Saved entries:

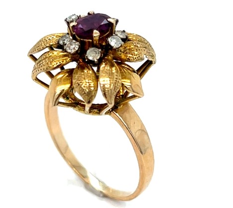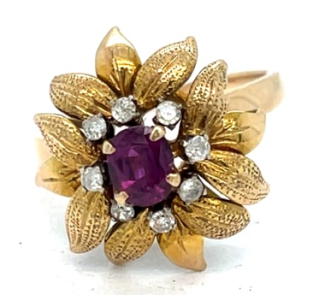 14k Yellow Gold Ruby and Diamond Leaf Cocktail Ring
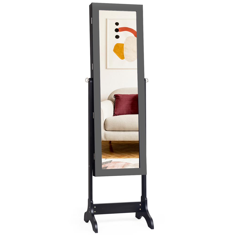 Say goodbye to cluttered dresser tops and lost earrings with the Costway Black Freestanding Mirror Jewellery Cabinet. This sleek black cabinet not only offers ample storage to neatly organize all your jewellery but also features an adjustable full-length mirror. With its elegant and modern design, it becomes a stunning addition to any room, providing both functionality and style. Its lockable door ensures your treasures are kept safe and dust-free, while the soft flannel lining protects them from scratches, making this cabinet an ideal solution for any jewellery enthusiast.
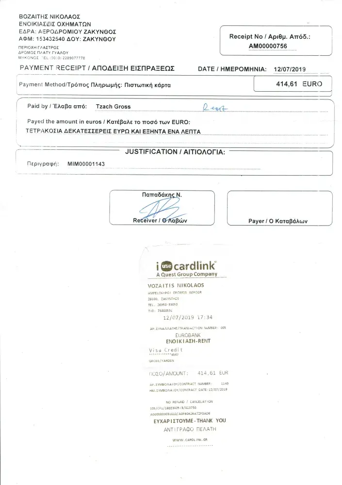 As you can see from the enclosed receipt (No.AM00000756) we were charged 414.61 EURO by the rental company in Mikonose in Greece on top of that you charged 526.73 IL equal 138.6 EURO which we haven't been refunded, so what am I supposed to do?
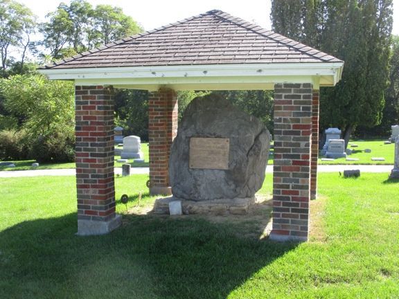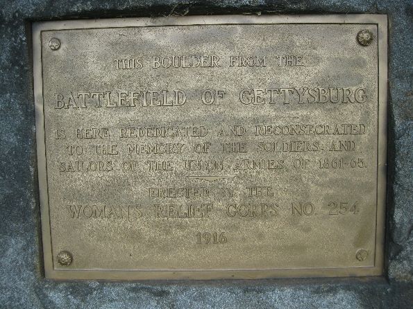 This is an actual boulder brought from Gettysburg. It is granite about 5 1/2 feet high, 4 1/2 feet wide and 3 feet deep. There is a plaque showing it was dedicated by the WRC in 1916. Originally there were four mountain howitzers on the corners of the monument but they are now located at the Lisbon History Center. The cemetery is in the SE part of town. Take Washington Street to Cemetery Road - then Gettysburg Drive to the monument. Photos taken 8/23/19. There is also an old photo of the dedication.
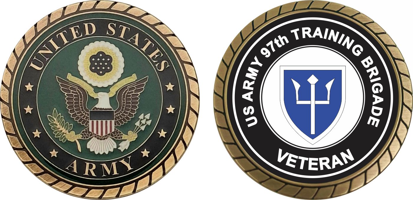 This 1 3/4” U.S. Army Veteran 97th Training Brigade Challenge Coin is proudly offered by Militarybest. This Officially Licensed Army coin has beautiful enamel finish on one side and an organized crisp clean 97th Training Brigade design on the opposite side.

> _EXERCISE_: Give the data above again, exactly, with every picture removed.

> _ANSWER BELOW_:
 14k Yellow Gold Ruby and Diamond Leaf Cocktail Ring
 Say goodbye to cluttered dresser tops and lost earrings with the Costway Black Freestanding Mirror Jewellery Cabinet. This sleek black cabinet not only offers ample storage to neatly organize all your jewellery but also features an adjustable full-length mirror. With its elegant and modern design, it becomes a stunning addition to any room, providing both functionality and style. Its lockable door ensures your treasures are kept safe and dust-free, while the soft flannel lining protects them from scratches, making this cabinet an ideal solution for any jewellery enthusiast.
 As you can see from the enclosed receipt (No.AM00000756) we were charged 414.61 EURO by the rental company in Mikonose in Greece on top of that you charged 526.73 IL equal 138.6 EURO which we haven't been refunded, so what am I supposed to do?
 This is an actual boulder brought from Gettysburg. It is granite about 5 1/2 feet high, 4 1/2 feet wide and 3 feet deep. There is a plaque showing it was dedicated by the WRC in 1916. Originally there were four mountain howitzers on the corners of the monument but they are now located at the Lisbon History Center. The cemetery is in the SE part of town. Take Washington Street to Cemetery Road - then Gettysburg Drive to the monument. Photos taken 8/23/19. There is also an old photo of the dedication.
 This 1 3/4” U.S. Army Veteran 97th Training Brigade Challenge Coin is proudly offered by Militarybest. This Officially Licensed Army coin has beautiful enamel finish on one side and an organized crisp clean 97th Training Brigade design on the opposite side.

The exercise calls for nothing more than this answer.